== SOURCE DATA ==
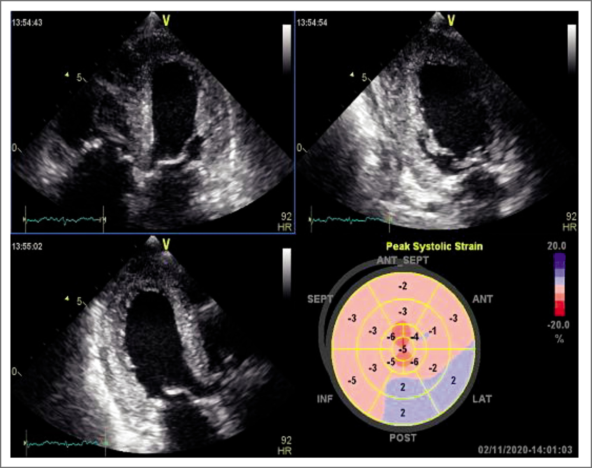Fig. 2. Echocardiography with Speckle-tracking technology. Global longitudinal strain index (GLS) significantly reduced – -2.5% (N<-20%).
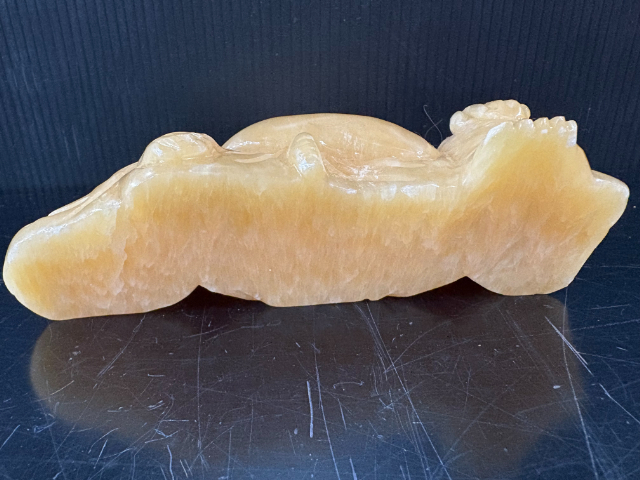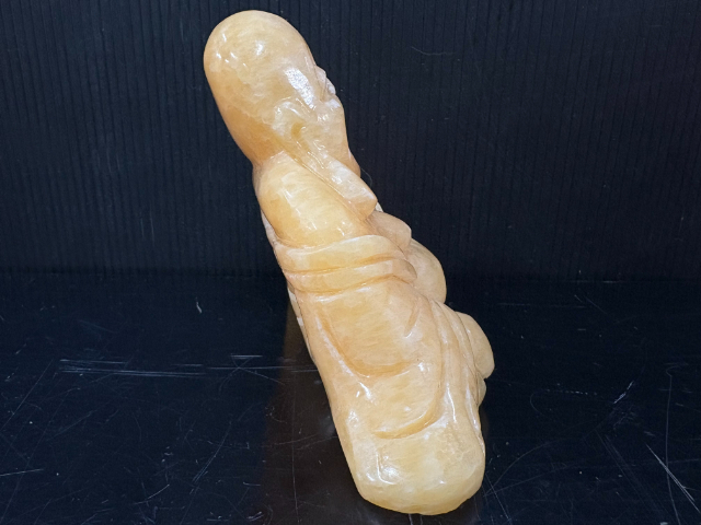 【中国古玩】 玉石製 布袋様 七福神 黄玉 天然石 縁起物 彫刻 木製台付(M7718)
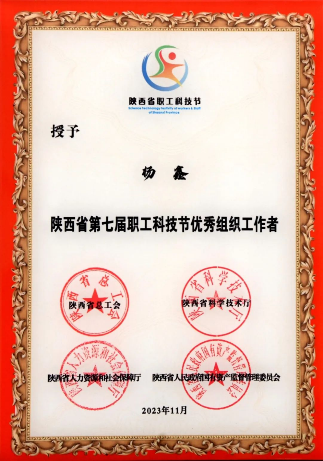 陜西省第七屆職工科技節優秀組織工作者

== PROMPT ==
Pictures do not belong in the copy; repeat the rest of the listing exactly.

== ANSWER TO THE EXERCISE ==
Fig. 2. Echocardiography with Speckle-tracking technology. Global longitudinal strain index (GLS) significantly reduced – -2.5% (N<-20%).
 【中国古玩】 玉石製 布袋様 七福神 黄玉 天然石 縁起物 彫刻 木製台付(M7718)
 陜西省第七屆職工科技節優秀組織工作者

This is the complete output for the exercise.